The mother alleges that in 2016, the father said “when are we going to get X circumcised”. The mother protested and the father said “you have no say in the matter and that I will circumcise X whether you like it or not, this is what good Muslims do so that she doesn’t turn out to be a slut”.
The mother alleges that the father has said “it is my duty to control and tame X and you” in front of family and friends on numerous occasions.
The mother gave evidence in relation to medical attention she has sought in relation to food intolerances that X suffers. X attends day care four days per week and has reached all key milestones. The mother and X currently live in a two-bedroom unit in Suburb S. X has her own room with everything she needs.

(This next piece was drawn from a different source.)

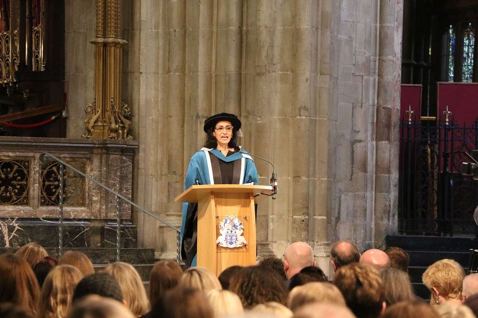Swaroop Sampat-Rawal stands inside the University of Worcester after receiving her new Fellowship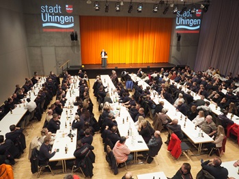 Es waren beängstige Szenen mitten Uhingen,die sonst nur in den Nachrichten zu sehen sind,wenn von heftigen Unwetterereignissen in anderen Teilen der Welt oder Deutschlands berichtet wird. Doch im Juni befanden sich einerseits viele Gemeinden entlang der Fils im Landkreis Göppingen im Ausnahmezustand – und Uhingen aufgrund der extremen Hochwasser- und Starkregen-Ereignisse im Speziellen. 500 Rettungskräfte aus dem gesamten Landkreis und benachbarten Landkreisen rückten nach Uhingen aus,um die große Katastrophe mit Menschenopfern zu verhindern. Bauunternehmen stellten großes Gerät und nach dem Unwetterwochenende packten ehrenamtliche Helfer voller Tatendrang an. „Ich bin tief beeindruckt von dem,was Sie alle geleistet haben“,wandte sich Uhingens Bürgermeister nun kürzlich an die Helfer. Und davon waren es einige: Von den mehr als 500 Frauen und Männern,die die Stadt Uhingen zu einem zünftigen Helfer-Vesper ins Uditorium eingeladen hatte,waren mehr als 300 gekommen. „Ich bin aber auch beeindruckt davon,dass Sie heute hier so zahlreich vertreten sind“,zollte der Bürgermeister den Anwesenden Respekt.Und es war wirklich ein beeindruckendes Erlebnis,so viele Rettungskräfte unterschiedlicher Feuerwehren,verschiedener Ortsverbände des Technischen Hilfswerks,der Malteser sowie Bürgerinnen und Bürger zu sehen,die nicht in konzentrierter Anspannung in einer schier unüberschaubaren Situation den Überblick behielten. Nein,völlig entspannt genossen sie einen Abend,der zwar den Hochwasser und Starkregen-Ereignissen in Uhingen und den Stadtteilen geschuldet war,nun aber im Zeichen des Dankes und der Geselligkeit stand. „Wir sind für solche Großeinsätze des Dankes nicht gerüstet“,gestand Uhingens Stadtoberhaupt mit einem Augenzwinkern: „Wir werden Einweiser zum Parken benötigen,wenn wir das nächste Helfer-Vesper veranstalten – nur diesmal ohne Hochwasser oder andere Unwetterereignisse.“ Denn das letzte Mal,dass so viele Rettungskräfte und Einsatzfahrzeuge in Uhingen anzutreffen waren,war im Juni. Wer am Abend des Helfer-Vespers in Uhingen einkaufen war,hätte angesichts der schieren Anzahl an Feuerwehr-,THW- und Malteser-Fahrzeugen den Eindruck erhalten können,in Uhingen findet eine Rettungskräfte-Tagung des Landes statt.Doch nicht nur Rettungskräfte befanden sich unter den Anwesenden,sondern auch engagierte Bürgerinnen und Bürger,die in den Tagen nach dem Hochwasser bei betroffenen angepackt und beispielsweise vollgelaufene Keller ausgeräumt haben. Auch Gastronomen aus Uhingen waren eingeladen,da sie während des Unwetters die Einsatzkräfte mit Essen und Getränken versorgt hatten. „Sie kamen von den Einsätzen vor Ort und mussten sich keine Gedanken darüber machen,wo sie etwas zum Essen herbekommen: Es wurde geliefert und hat alle zusätzlich motiviert“,bemerkte Matthias Wittlinger. Und auch Mitarbeitende der Stadtverwaltung,die beim Unwetter-Wochenende außerhalb ihrer Arbeitszeiten im Krisenstab  und vor Ort beispielsweise im Stadtteil Holzhausen die Maßnahmen mit den Rettern abstimmten und in den darauffolgenden Tagen die Hilfsanfragen von Betroffenen sowie engagierten Menschen koordiniert haben. „Es ist mir ein sehr großes Anliegen,Danke zu sagen. Es war beeindruckend zu sehen,was man gemeinsam leisten kann“,wandte sich Uhingens Bürgermeister an die mehr als 300 Menschen im Uditorium. „Es waren so viele Menschen,so viele Trupps im Einsatz und alle haben sich auf ihren Aufgabenbereich konzentriert.“Und beim Helfer-Vesper,aufgetischt von den Mitgliedern des Fischereivereins,dürften die meisten Anwesenden erstmals – fast 6 Monate nach den heftigen Ereignissen – einen Gesamtüberblick über das gesamte Ausmaß von Hochwasser und Starkregen erhalten haben. Denn Uhingens Feuerwehrkommandant Steffen Kwiatkowski schilderte das dramatische Wochenende aus Sicht des Einsatzleiters,der zahlreiche Maßnahmen und Hilferufe koordinieren musste. „Am Ende des Wochenendes hatten wir in ganz Uhingen 335 Einsatzstellen und alleine unsere Uhinger Kameradinnen und Kameraden haben 4034 Einsatzstunden geleistet.“Die geographische Lage von Uhingen im mittleren Filstal bringe einen Nachteil mit sich,sagte der Kommandant: „Was im Oberen Filstal als Niederschlag herunterkommt,kommt bei uns an.“ Schon am Freitagmorgen veranlassten die Verantwortlichen im Rathaus die ersten Schutzmaßnahmen wie etwa den Aufbau eines Schutzwalls am Lessingweg. Als der Pegel der Fils am Freitagabend gegen 21.30 Uhr zirka 250 Zentimeter betragen habe,wurden deshalb erste Maßnahmen eingeleitet,die eigentlich erst bei einer Pegelhöhe ab 300 Zentimetern ergriffen werden. „Wir haben sie früher ergriffen,weil wir wussten,was auf uns zukommt“,sagte der Kommandant.Vollgelaufene Keller,eine über die Ufer tretende Fils,Sturzbäche,Schlammwellen,Blaulicht,ratternde Pumpen,Schlafmangel,durchnässte Kleidung,unbelehrbare Schaulustige,Evakuierungen,Erdrutsche – bis in die frühen Morgenstunden des Montags herrschte Ausnahmezustand in Uhingen. „Am Sonntag gab es mittags im gesamten Landkreis Göppingen keine Sandsäcke mehr“,verdeutlicht Steffen Kwiatkowski die dramatische Lage. „Wir haben massiv Überlandhilfe angefordert.“ Die eine Hälfte der Rettungskräfte des Landkreises Göppingen war in Uhingen,die andere in Ebersbach. „Wir waren Gott froh über die Kräfte aus anderen Gemeinden“,zeigte sich der Kommandant auch Monate später dankbar. Denn am Montagmoren wurden die Uhinger Einsatzkräfte für 6 Stunden zum Zwangsschlafen geschickt,nachdem sie 3 Tage am Stück durchgemacht hatten. „Nach so einem Dauereinsatz kann die Einsatzbereitschaft irgendwann einfach nicht mehr aufrechtgehalten werden“,erklärte er. Dann hätten auswärtige Feuerwehren in Uhingen die Hochwasser-Einsätze abgearbeitet und die den Fall eines Brandes nötige Grundsicherung übernommen.Zugleich räumte Steffen Kwiatkowski auch mit einem Gerücht auf,das seit dem Unwetter durch Uhi

The mother deposes that she has completed a Parenting after Separation Course, a 123 Magic and Emotion Coaching Parenting Course, a New Beginnings Program and counselling with T Counselling. In March 2018, the mother states she commenced specialised sexual assault counselling at F Hospital.
The mother was cross-examined over an extended period by the legal representative for the father. The mother denied fabricating evidence against the father or that the allegations she has made had increased over time. The mother agreed that the father had been consistent in his attendance at supervised contact centres. While the mother did not doubt that the father loved X, she commented that circumcision, in his mind, may be the right thing to do to protect X from her sexuality and her concern is that he has fulfilled every threat that he has made.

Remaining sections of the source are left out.